If one were inclined to try to run "combustion in reverse" on a grand scale, to turn CO2 back into carbon and oxygen, the Bosch reaction seems a far more practical way to get there.

https://en.wikipedia.org/wiki/Bosch_reaction

It runs at hundreds instead of thousands of degrees. The iron catalyst is cheap and abundant. The only required inputs are carbon dioxide and hydrogen. Since the reaction is thermodynamically spontaneous, the input gases can be produced from the cheapest available clean electricity (intermittent or otherwise) and stored in tank buffers.

CO2-to-graphite via the Bosch process would still be a project of breathtaking scale that would cost trillions of dollars. So it won't happen. But building a proof-of-concept would be affordable and straightforward, which is more than I can say for this nuclear-thermal decomposition proposal.


The cost of capturing CO2 could be as low as $94 per ton using aqueous KOH sorbent coupled to a calcium caustic recovery loop.

https://www.cell.com/joule/fulltext/S2542-4351(18)30225-3


This would only add a dollar per gallon to the cost of petrol fuel at that capture cost.


I concur. May i introduce

https://en.wikipedia.org/wiki/AVR_reactor

and

https://en.wikipedia.org/wiki/THTR-300

both pebble-bed reactors, where the first is some sort of superfund site, and the second tried to release some dust directly after chernobyl but got cought doing so.

OTOH China really seems to sample a bit of every tech it get

https://en.wikipedia.org/wiki/HTR-PM

allegedly they use better fuel elements which are structured like a pomegrenade internally.


For a moment I wondered if the article was suggesting actually piping air through the reactor core - the accident at the Windscale plant in the UK demonstrating why that's maybe not such a great idea.


I feel like nuclear is the only (realistic) option we really have that'll help us navigate the gap between our current, and a more sustainable, less pollutant form of energy use.

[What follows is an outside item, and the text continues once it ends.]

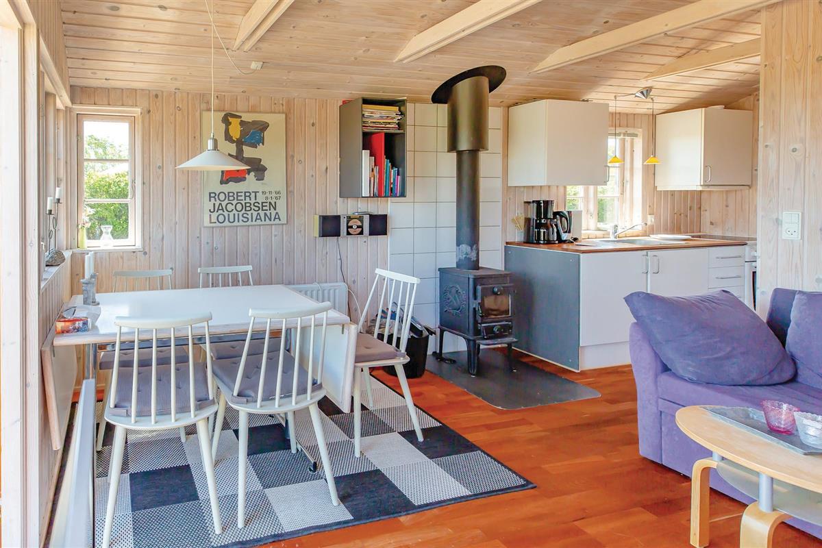 Dit charmante vakantiehuis ligt op een groot, open natuurgebied bij het Kattegat. Vanuit het huis heeft u een geweldig uitzicht over het water. Op het grote houten terras kunt u overdag van de zon genieten en 's avonds de barbecue aansteken. De bedden zijn maximaal 1.90 cm lang. Het huis op Sj. Odde ligt direct buiten op Gniben, een schiereiland tussen het Kattegat en de Sejerø-baai. De zee ligt hier op slechts 50 m afstand, waar de hemel in een bijzonder licht baadt. Op de gletsjerkop van Odsherred waant u zich in een geopark. Daar vindt u langs de Tumulusweg, met de grafheuvels, getuigenissen uit het stenen en bronzen tijdperk, de resten van een 300 jaar geleden verlaten bosdorp in Ulkerup, het Hempel Glasmuseum en in het Odsherred Museum de kopie van de zonnewagen die in het Trundholm Mose veen is gevonden. U ziet ook de zwerfkei Lommesten en het kasteel Næsholm Borg, dat op een klein eiland in het Nygård Sø-meer staat tussen Højby en Nykøbing Sj. Op Odsherred is ook een natuurschool die u zeevruchten laat vangen, vlindersafari's en expedities in het bos organiseert en u uitnodigt voor trollen- en vossenexcursies. Hovvig Nature Reserve, een gerenaturaliseerd wetland, herbergt een rijk vogelleven. Uw kinderen zullen ook enthousiast zijn over een bezoek aan het Odsherred Fire Museum. Bezoek vlakbij Sommerland Sjælland, galerijen die ook typerend zijn voor Odsherreds en Kasteel Dragsholm uit de 13e eeuw. Havnebyen is de enige echte vissershaven met kotters en een kleine rokerij. Zelfs recreatieve vissers krijgen hier altijd wel iets aan de haak. In Nykøbing Sjælland kunt u goed winkelen en genieten van het koffiehuisleven. Vanuit de haven in Rørvig vertrekken ook zeehondensafari's. Vanuit Rørvig kunt u naar Hundested varen, vanwaar het slechts een uur rijden is naar Kopenhagen. Geniet hier van gerookte vis terwijl uw kinderen krabben vangen op de pier.

It's a shame there's such a fear of it. I really think that most if not all energy efforts should be invested into nuclear immediately. That'll help buy us the time we need to get to sustainable renewables, or push us to master nuclear to the point that energy traded off against safety is no longer a concern.


It's probably too late for a full-on nuclear rollout. We need to reduce global carbon emissions really quickly, at least 5% (18%) per year starting right now [1,2] if we want a chance of staying below 2° (1.5°). Building nuclear power plants takes years even at the current rate of construction, if were to replace all fossil fuel by nuclear over the next fifteen to twenty years we would definitely run into capacity constraints, for example for manufacturing pressure vessels, or just having enough qualified personnel to build and run the things.

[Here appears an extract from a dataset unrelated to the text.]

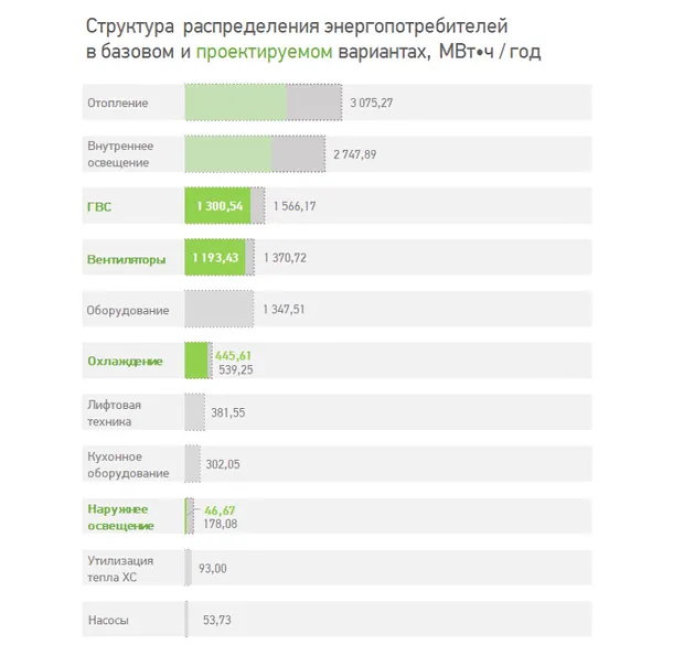 Среди наиболее значимых решений, позволивших сократить потребление энергии по данной категории, были:

On the other hand, with the same money we could start building ridiculous amounts of wind, solar, and an improved grid and get immediate payoff, without having to wait years of unmitigated emissions for reactors to come online.

[1] http://folk.uio.no/roberan/img/GCB2018/PNG/s00_2018_Mitigati... [2] http://folk.uio.no/roberan/img/GCB2018/PNG/s00_2018_Mitigati...

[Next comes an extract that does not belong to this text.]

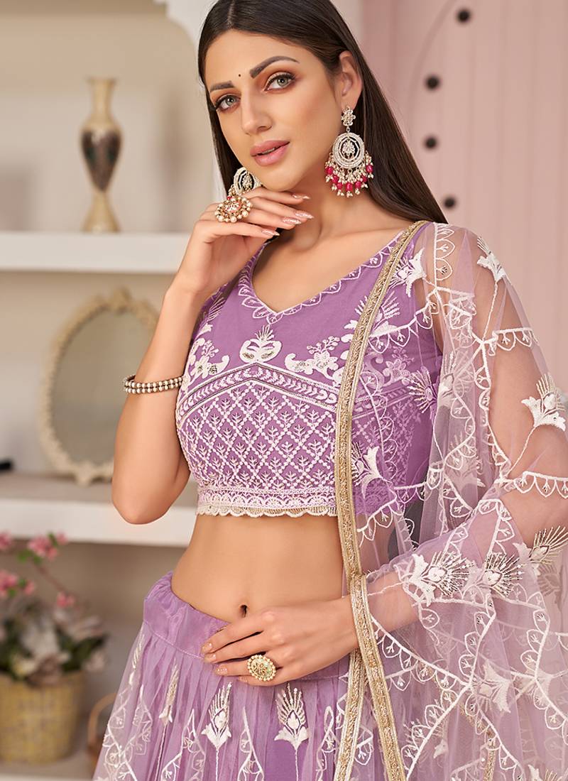 | Product Name | Light Lavender Thread & Sequins Embroidery Work Net Lehenga | |

But what about the costs of energy storage to provide baseload capacity? And on top of that, if the goal is CO2 reduction, we need to generate 4x more electrical energy to replace fossil fuel chemical reagents and things like fertilizer production with non-fossil fuel sources that are far less 'efficient'. And that is before we start talking about future growth of electrical needs.


It won't be cheap, but neither will be the effects of global warming. The important question is whether it can be done or not, and on that front all signs point to yes.

Regarding storage, there is a tradeoff between an improved grid and storage requirements. It's always windy somewhere, if you have the grid to transport that power to where it's needed, you need much less storage.


> We need to reduce global carbon emissions really quickly...

I've been hearing this argument for at least 15 years now, and it's always followed by the assertion that nuclear plants are slow to build while solar and wind are quick to deploy.

And yet here we are, nothing has changed, the same arguments are repeated, only louder. Germany has shut down half her nuclear fleet, has very slowly built up renewable generation to maybe 30% of electricity production (only possible by abusing her neighbors' grid as a virtual battery), but has scarcely brought down her CO2 emissions, which are still more than twice those of France per capita.

And to think this blunder is celebrated as a success! It's not. If time was really of the essence, we'd do what France did between 1975 and 1985. Nuclear can be built quickly---they already did it, it can be done again.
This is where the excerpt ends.